Are Law Reviews Irrelevant? A Partial Reply to Adam Liptak

New York Times lawyer/reporter Adam Liptak's recent "sidebar" article in the Times ("When Rendering Decisions, Judges Are Finding Law Reviews Irrelevant", New York Times, Monday March 19, 2007, A8 (click to read if you have Times Select privileges), develops the theme that judges today do not rely on legal scholarship published in law reviews, at least not nearly as much as they did in the 1970s. This observation, supported by judicial self report, a "new report by the staff of the Cardozo Law Review," and confirmed by a number of law professors who spoke to Liptak, gets chiefly anchored to the fact that "law reviews have certainly become more obscure in recent decades," and the fact that "many law professors seem to think that they are under no obligation to say something useful or to say anything well." It is this linkage, and the ill-disguised slap at the legal academy for being interdisciplinary and less normative, rather than the apparent gap opening up between the judiciary and the legal professoriat that provokes this jurisprude.

If obscurantism is a read only to mean needlessly jargon ridden articles, I have little trouble joining the view (and must confess to have fallen prey to that malady myself).

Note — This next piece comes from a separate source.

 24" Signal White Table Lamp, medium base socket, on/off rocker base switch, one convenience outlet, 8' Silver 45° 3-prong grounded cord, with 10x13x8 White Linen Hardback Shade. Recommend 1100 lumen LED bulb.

But the discursive instability introduced into legal scholarship by the break down of the intellectual autonomy of law schools from the rest of the university is also vulnerable to the charge of obscurantism. The question which must be asked of any particular piece of scholarship is whether its challenges to the reader come from exposing that reader to information or perspectives generally filtered out by the formal processes of law or whether it comes from diversion into equally formal processes of theory.

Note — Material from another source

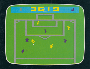A two=player game that adapts the fast-paced movement of soccer to your video system. Realistic scrolling field action - feint, pass,...and score! All accompanied by exciting sound effects.

More important still is the question of who legal scholarship must be useful for to count as legitimate in Liptak's scale or our own. Even if one accepts that the legal system as a whole should receive the lion's share of legal academic attention, it should not be presumed without argument that courts should be the primary recipients of that knowledge instead of presidents, administrative agencies, law makers, let alone, clients, businesses, social movements, etc.

Finally, Liptak's provocative article provides little opportunity to reflect on how a changing judiciary might alter the relevance of legal scholarship. Did judges in the 1970s cite law reviews more often because they were looking for authority to innovate which necessarily would be unlikely to reside in existing case law, while judges in the 1990s ignored them because they didn't need any academic authority to adopt defensive and deferential positions toward power holders? Or, as observations placed at the end of the article might suggest, have changes in the technologies of dissemination and the discursive practices of legal knowledge producers made law reviews, an institution basically formed in the 19th century and widely spread in the 1920s a less dominant medium? Indeed, many courts now rely on empirical research published in non-law review journals and books.

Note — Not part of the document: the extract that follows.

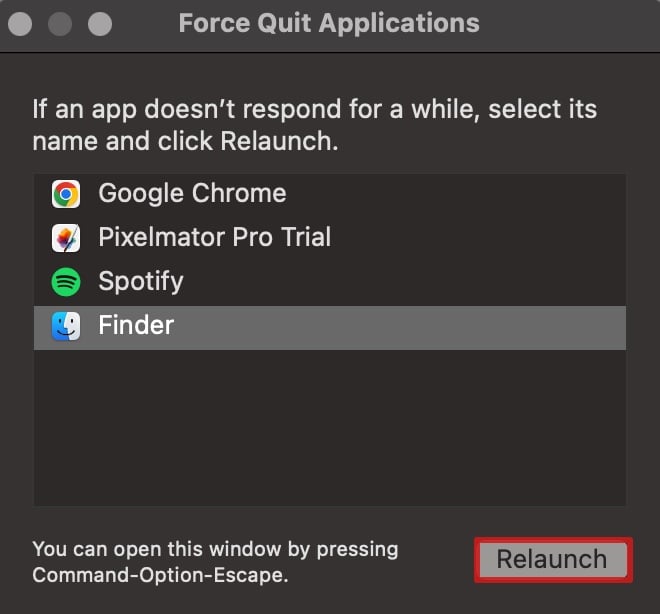 Clique no botão Opção Forçar encerramento. Confirme Forçar encerramento. Para atualizar o sistema, selecione Finder.

None of this should be taken as a refusal of the mandate that legal academics worry about the currency of their scholarly products. Those of us who believe that governance and law making today demands serious engagement with empirical and normative scholarship, being produced in many different disciplines and in interdisciplinary contexts, have a duty to make sure that as writers we make this work as accessible as our craft will make possible and to create a pedagogy for lawyers that will make it possible for them to access and use this knowledge.